“Empires have no interest in operating within an international system; they aspire to be the international system”, wrote Henry Kissinger, the famed Cold War ambassador to President Nixon and adviser to countless presidents ever since.
Kissinger was writing about empires in history, particularly in reference to the growing threat that Russia, formerly the USSR, presented to Eastern Europe in the mid-twentieth century.
But the quotation applies just as well today, in the post-pandemic era in which the same power players are, once again, jockeying for international dominance. But instead of fighting through theoretical frameworks of government – capitalism versus communism – these power players are fighting with vaccine supplies.
Setting the stage for a diplomatic battle that will define the new geopolitical order post-pandemic.
Recently the United States pivoted its stance from hoarding excess vaccines to disseminating them across various geographies. While around half of all Americans have had at least one dose, less than a single percentage of people in low-income countries have been vaccinated.
Most of these countries have turned to Russia and China, the world’s second leading producer of vaccines after the United States, for vaccine supplies. But now that Americans seem to have capped off the total number of vaccinations they are willing to receive, the United States is setting its sights international.
President Biden now has a choice – either send vaccines directly to individual countries, or send share bulk vaccine supplies through the WHO-backed COVAX initiative – or, what White House officials indicate is most likely – pursue some combination of the two.

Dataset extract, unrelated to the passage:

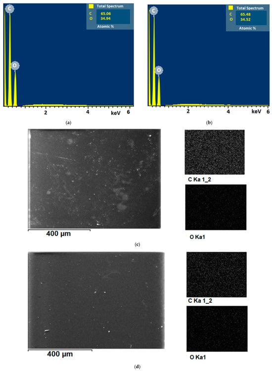 EDS spectra of (a) 1% GO/PVA; (b) 5% GO/PVA and element mapping of the (c) 1% GO/PVA; (d) 5% GO/PVA nanocomposites.
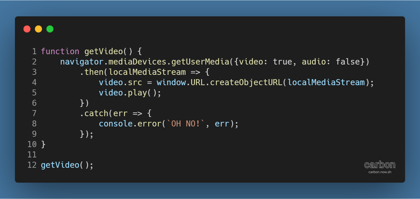 당신의 컴퓨터에 웹캠이 달려있다면, 웹캠의 화면이 브라우저에 나오도록 할 수 있다. 다음 getVideo( ) 함수를 보자.

Which makes the most sense, as all things pandemic are political, even the dissemination of life-saving vaccines. Pursuing a hybrid distribution model allows the United States to exert political control over particular nations of interest while maintaining a semblance of international leadership in propping the WHO.
The best of both worlds, figuratively. But in a world literally ravaged by a pandemic, many have advised President Biden to target countries most severely affected by the pandemic. Dr. Zeke Emanuel, who served on the President Biden’s COVID-19 advisory board during the presidential transition, argues that vaccines should be shipped to where they are most needed and most readily distributed, not through the WHO-backed COVAX population-based system.
The science in all this can be a bit tricky, and decision-making – as we saw over and over during the pandemic – often resorts to making subjective judgments regarding the objective data. It makes sense long-term to distribute vaccines based upon the general distribution of populations. But it also makes sense short-term to distribute vaccines to regions more critically affected than others.
Even within a short-term frame of reference, discerning what regions are more critically affected also becomes subjective. Some point to traditional epidemiological metrics like infectivity rate or more granular metrics of population spread. While others focus on economic constraints like the total number of hospitals or total oxygen supply.
The time horizon, and the metrics of focus determine the order of prioritization. The pandemic is, as it has always been, less about the data and more about the perception of the data.
How the Biden administration frames the clinical need for each country will determine how many vaccines it will distribute.
It is an inherently subjective decision, rife with uncertainty. And like all subjective decisions made in the political arena, ulterior motives will inevitably arise.
While Biden has said vaccine donations will be driven by science and not geopolitics, there are clear soft power political advantages to distributing the vaccines to certain countries and regions over others.
Latin America has received more vaccines from China, Russia, India, and even Israel than from the United States or through direct sales contracts from Pfizer. A region traditionally controlled geopolitically by the United States – that perhaps China is eyeing in order to increase its influence in the region. Something Psaki warned of in stating that Russia and China could use vaccines to build leverage over other countries.
But now that the United States has entered the international game of vaccine diplomacy, we should observe closely how the vaccines are distributed – and the inevitable jockeying of vaccine distribution rights in regions across the world. The distribution will reflect our international interests, and which regions we consider of higher geopolitical importance.
For example, oil-rich Bahrain has seen poor COVID-19 control with China’s Sinopharm vaccine, and now advises its population to receive Pfizer’s vaccine – even among those vaccinated previously with China’s vaccine. A shift in vaccine distribution the United States is all too happy to accommodate, as the shift in vaccine sourcing reflects a shift in perception between China and the United States in Bahrain.
Yet Bahrain is far from the most afflicted region in the world. Many countries like Colombia and Brazil are battling more severe COVID-19 outbreaks, yet per population, have received fewer Pfizer vaccines than Bahrain.
Whether this is an economic issue – Bahrain has higher per capita income than most South American countries – or a political issue – Pfizer has been notoriously stingy in offering discounted rates of its vaccine – remains to be seen.
But it is quite telling that Colombia has been told it must wait until December to receive its request for vaccines, while Bahrain receives its supply of vaccines almost upon demand.
No matter how we conjecture, we cannot be certain how these distribution decisions are made, nor the true underlying intentions.
Like most diplomatic decisions, vaccine diplomacy is a game cloaked in secrecy, revealing itself only afterwards.
Leaving us, in the moment, to merely guess within the void of subjective uncertainty.